Prinsip ijtihad adalah pembuka yang baru dalam sejarah syariat Islam. Sehingga Muhammad Iqbal mendeskripsikan ijtihad sebagai prinsip gerak dalam ajaran Islam. Ijtihad dalam Islam merupakan prinsip yang semestinya terus berlangsung sepanjang zaman. Bukan hanya terbatas pada periode waktu tertentu. Para fukaha diharapkan agar mampu berijtihad tanpa henti. Nabi telah menetapkan bahwa seorang mujtahid apabila telah berusaha merumuskan suatu hukum namun menghasilkan konklusi yang salah, maka ia tetap mendapatkan satu ganjaran kebaikan atas usahanya. Sedangkan, jika ia benar tentu akan mendapatkan dua ganjaran atas usaha dan konklusi kebenaran dari ijtihadnya.

Jika Nabi Muhammad telah membuka pintu ijtihad bagi umat, maka tidak boleh bagi siapa pun menutup pintu Ijtihad. Maka, menutup pintu ijtihad sama halnya dengan menutup rahmat Allah SWT. Di samping itu, menutup pintu ijtihad juga berati menutup potensi akal atas haknya dalam memahami dan berpikir secara komprehensif.

Contoh konkret yang dilakukan Imam Syafi’i ketika datang ke Mesir dan memutuskan untuk menetap di sana. Ia memulai untuk memikirkan kembali pendapat-pendapat yang telah ia katakan sebelumnya ketika di Bagdad. Karena persoalan fatwa wajib menjaga eksistensi ‘uruf setiap daerah atau negara tertentu. Prof. Dr. Hamdi Zaqzuq lalu menukil perkataan Ibnu Al-Qayyim, “Barang siapa yang berfatwa kepada orang-orang dengan hanya menukil (secara tekstual) dari kitab-kitab atas perbedaan uruf, adat, waktu dan keadaan tingkah mereka dan indikasi keadaan mereka, maka telah benar-benar sesat dan menyesatkan, dan ia berdosa atas agama.”

Dapat disimpulkan, seorang ahli fikih yang berfatwa tanpa mengenal ‘uruf atau adat istiadat daerah tertentu, dan hanya menukil dari kitab-kitab tanpa menyadari situasi ‘uruf berikut istilahnya, maka ia telah berdosa atas agama. Hal ini menunjukan bahwa untuk melahirkan ijtihad yang benar diharuskan memahami teks secara mendalam (fahm an-nass) sekaligus memahami realitas sosial yang berkembang (fahm al-waqi’).
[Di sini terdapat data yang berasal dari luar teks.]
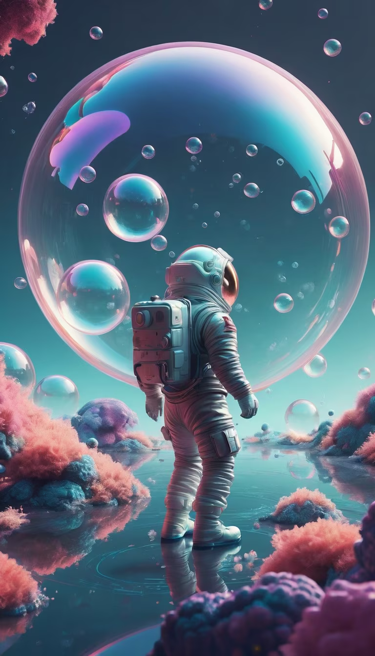 Prompt: An AI-generated digital artwork of an astronaut exploring a fantastical bubble wonderland, dreamlike, whimsical, aerial perspective, vibrant and pastel colors, influenced by GMUNK, beeple, Ash Thorp, Maciej Kuciara, surrealistic landscapes, cosmic lighting, intricate bubble formations, ethereal atmosphere, surreal creatures, infinite depth, fine details, 16K, imaginative masterpiece.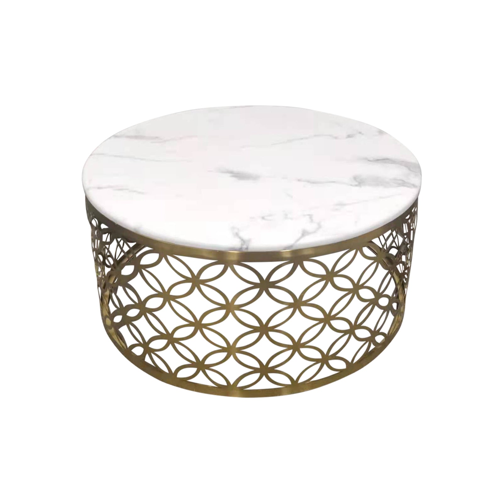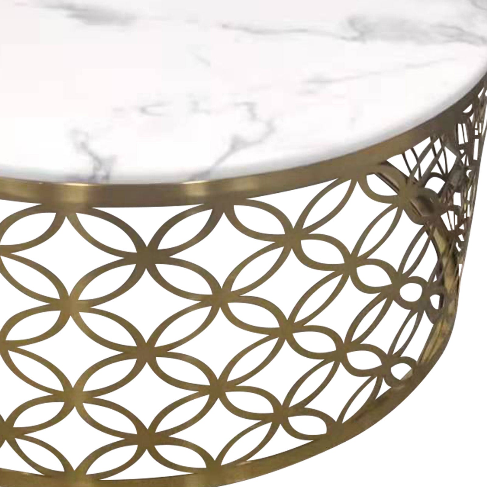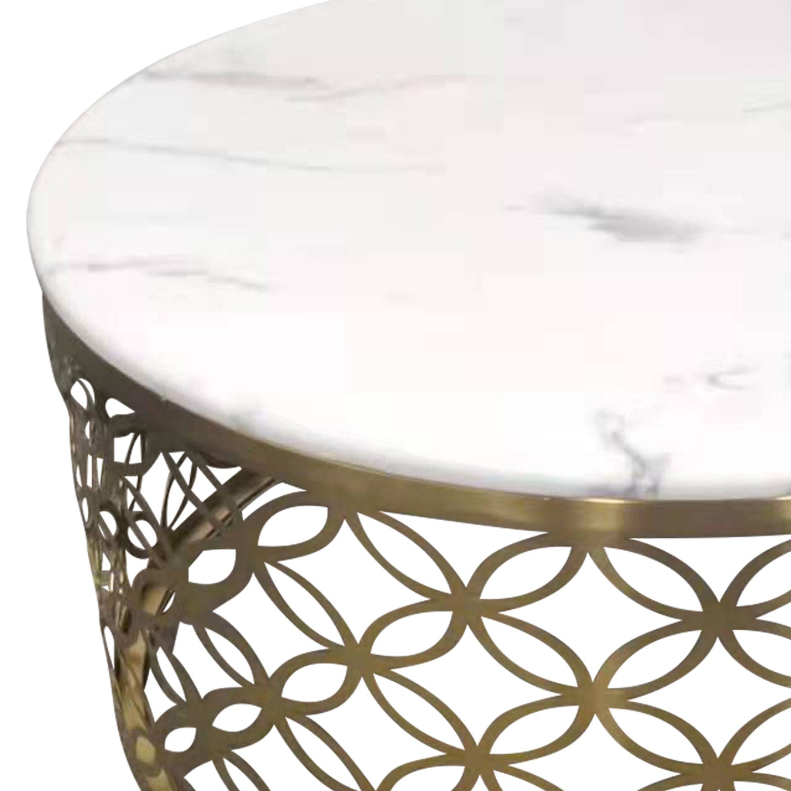 Coffee Table White Faux Marble Top Metal Manipulated Detail Design Round Shape Titanium Gold Stainless Troy

Mengurai Benang Kusut Hubungan Agama dan Budaya
Budaya bisa sangat berbeda antara satu daerah dengan yang lain. Mode berpakaian salah satunya. Bagaimana ajaran Islam melihatnya?

Prof. Dr. Mahmud Hamdi Zaqzuq seolah menyindir mayoritas umat Islam yang selama ini telah meninggalkan ijtihad dan memilih untuk sekadar bertaklid. Padahal di masa ini menurut pandangan beliau, lebih membutuhkan wacana ijtihad dibandingkan masa lampau. Ia melihat data konkret para fukaha hari ini ketika mencari solusi dari permasalahan fikih yang berkembang. Rata-rata menurut Dr. Zaqzuq, sebagian besar ulama ketika mencari solusi jawaban tersebut di dalam kitab-kitab yang ditulis di masa lampau tanpa mempertimbangkan aspek aktualisasinya di masa kini.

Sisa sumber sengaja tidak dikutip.